Danny Granger for Most Improved Player! A petition for Danny Granger to get recognized as the Most Improved Player in the NBA this season is located at the link below. Sign it!

http://www.dg4mip.com/


----------



## BlakeJesus (Feb 1, 2006)

I'm 100% behind DG for MIP!


----------



## Knick Killer (Jul 16, 2006)

GregOden said:


> I'm 100% behind DG for MIP!


Apparently nobody on the Pacers board is though lol.


----------



## Wayne (May 24, 2006)

this board is like a wasteland already, I'm loving DG, but the Pacers need to put the right people around him. To be honest, it doesn't matter to me whether DG wins MIP, everyone is on Devin Harris's nuts, but I think he is clearly not as good as Granger. I sorta like flying under the radar (especially this year, we beat Cleveland, Orlando, Boston, and LA) so hopefully we can come back strong. Pacers need to do something big before this board becomes completely empty


----------



## PaCeRhOLiC (May 22, 2005)

Devin Harris is no where near as good as Danny!


----------



## Knick Killer (Jul 16, 2006)

PaCeRhOLiC said:


> Devin Harris is no where near as good as Danny!

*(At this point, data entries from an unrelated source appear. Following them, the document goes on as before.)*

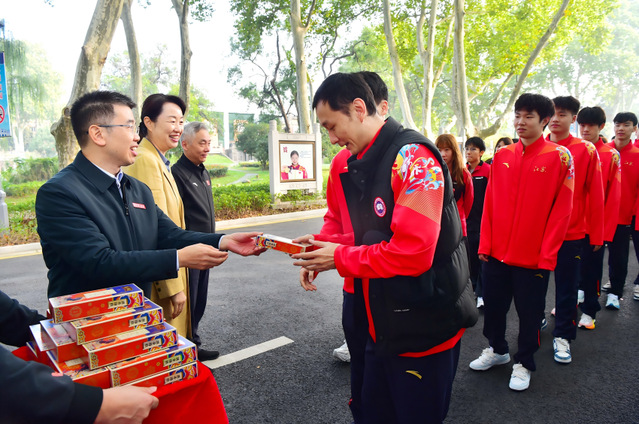 10月27日上午,我校在奥运冠军大道隆重举行出征仪式,欢送我校乒乓球队和网球队奔赴十五届全运赛场。校党委副书记兰亚明出席仪式并讲话,副校长鲍勤、刘健出席仪式。仪式由副校长刘健主持。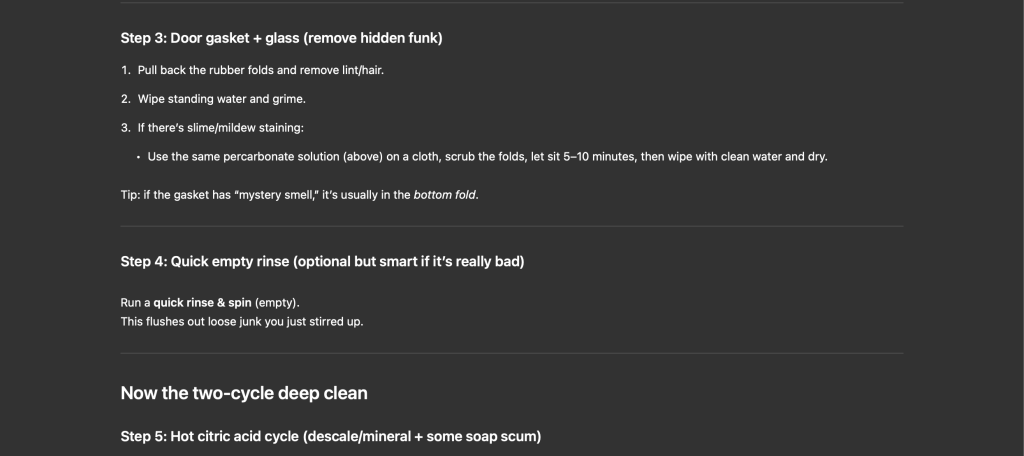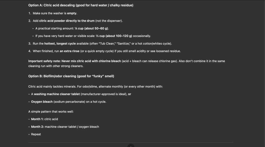 To clean Washing Machines: Buy Citric Acid and Sodium Percarbonate (or Oxiclean, depending on price – Oxiclean is half made up of Sodium Percarbonate anyway, so if it’s cheap enough you can substitute Oxiclean and just double the dose in your cleanings)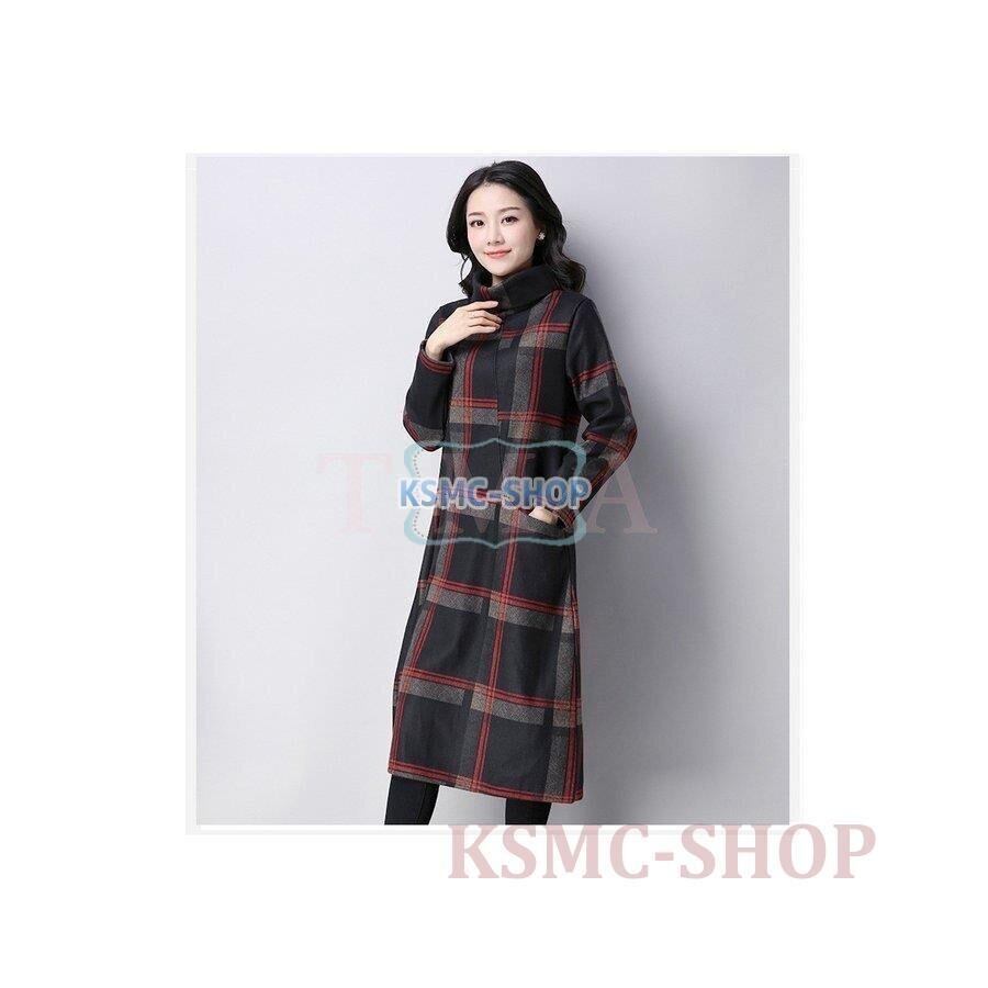 ワンピース ロング丈 レディース 長袖 3色 タートルネック チェック柄 Aライン 韓国風 韓国 ファッション コーデ おすすめ カジュアル きれいめ 大きいサイズ 人気 ゆったり 20代 30代 40代 50代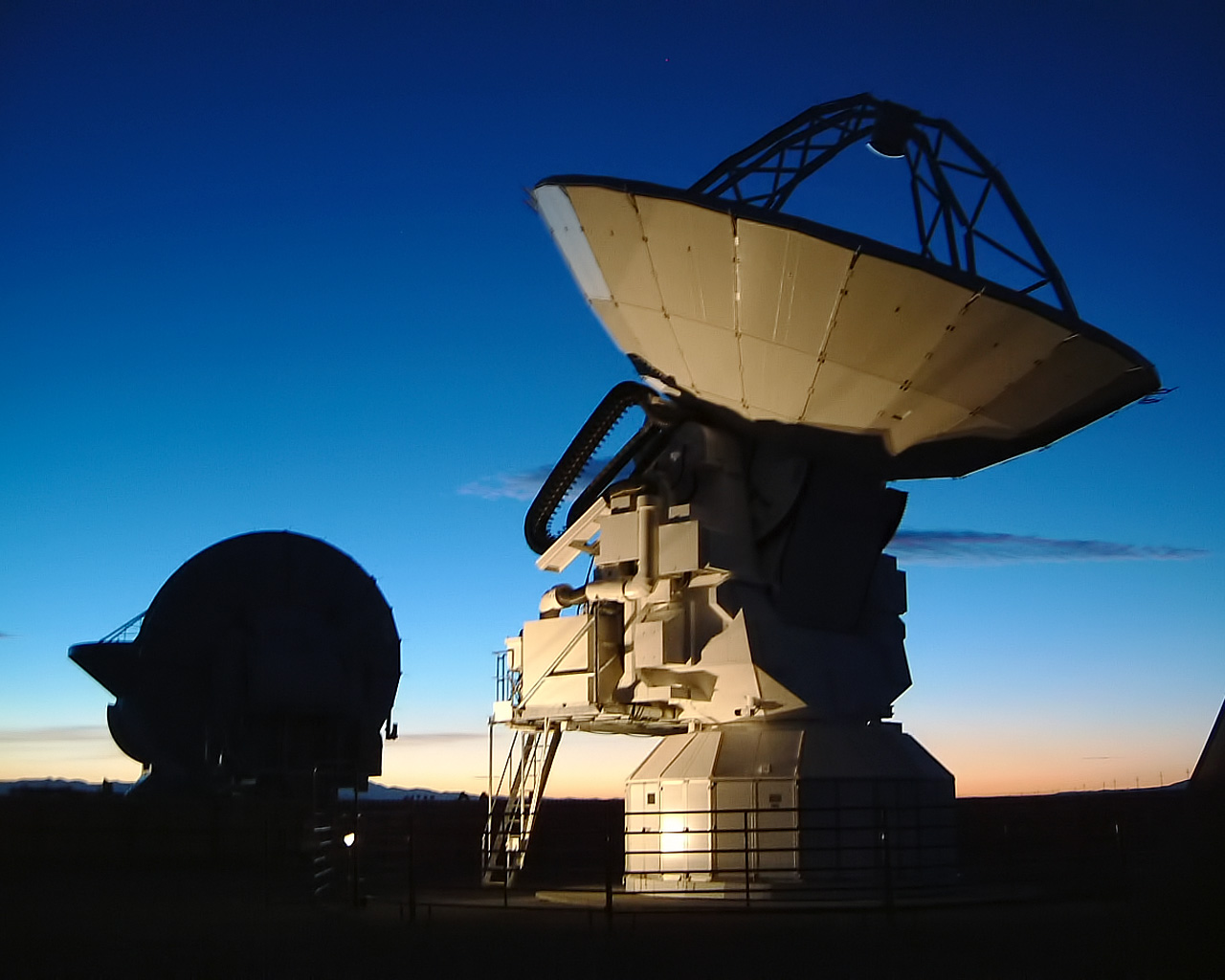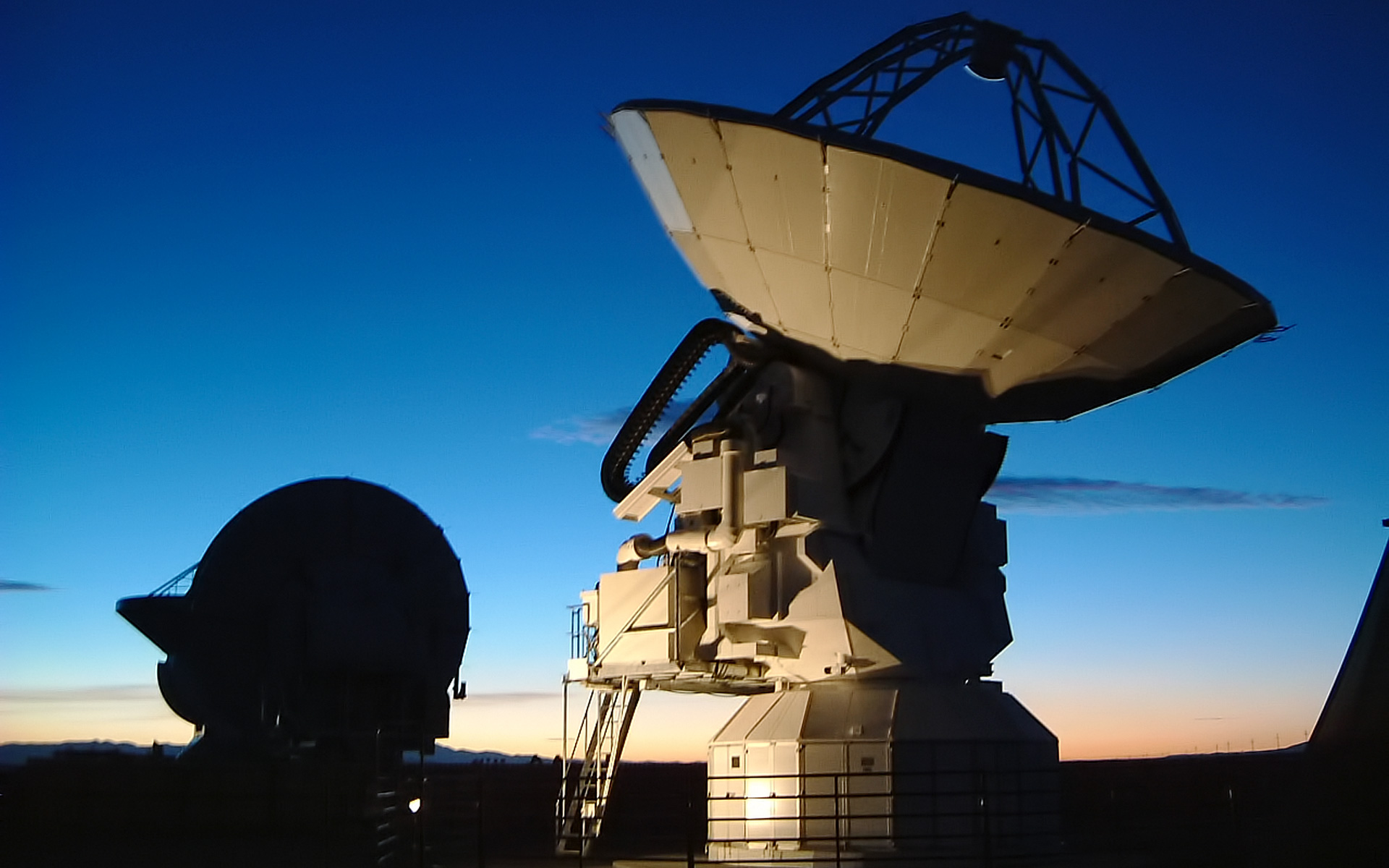 In the foreground of this image is a 12-metre diameter antenna. This antenna and its sisters — one of which is silhouetted behind— make up the Atacama Large Millimeter/submillimeter Array (ALMA).

It's been a while since I've seen you around here.


----------



## Jermaniac Fan (Jul 27, 2003)

I already signed.. Go DG!


----------



## Ben (Nov 7, 2006)

I hope Granger wins it, he's been one of my favourite players to watch this season.


----------



## Jermaniac Fan (Jul 27, 2003)

No Granger in candidates-list: Harris, Villanueva, Rondo, Lee
http://www.nba.com/awards/


----------



## Pacers Fan (Aug 25, 2002)

Jermaniac Fan said:


> No Granger in candidates-list: Harris, Villanueva, Rondo, Lee
> http://www.nba.com/awards/


Bull****. This entire race should be between Harris and Granger.


----------



## Knick Killer (Jul 16, 2006)

In that case, Go Charlie V!


----------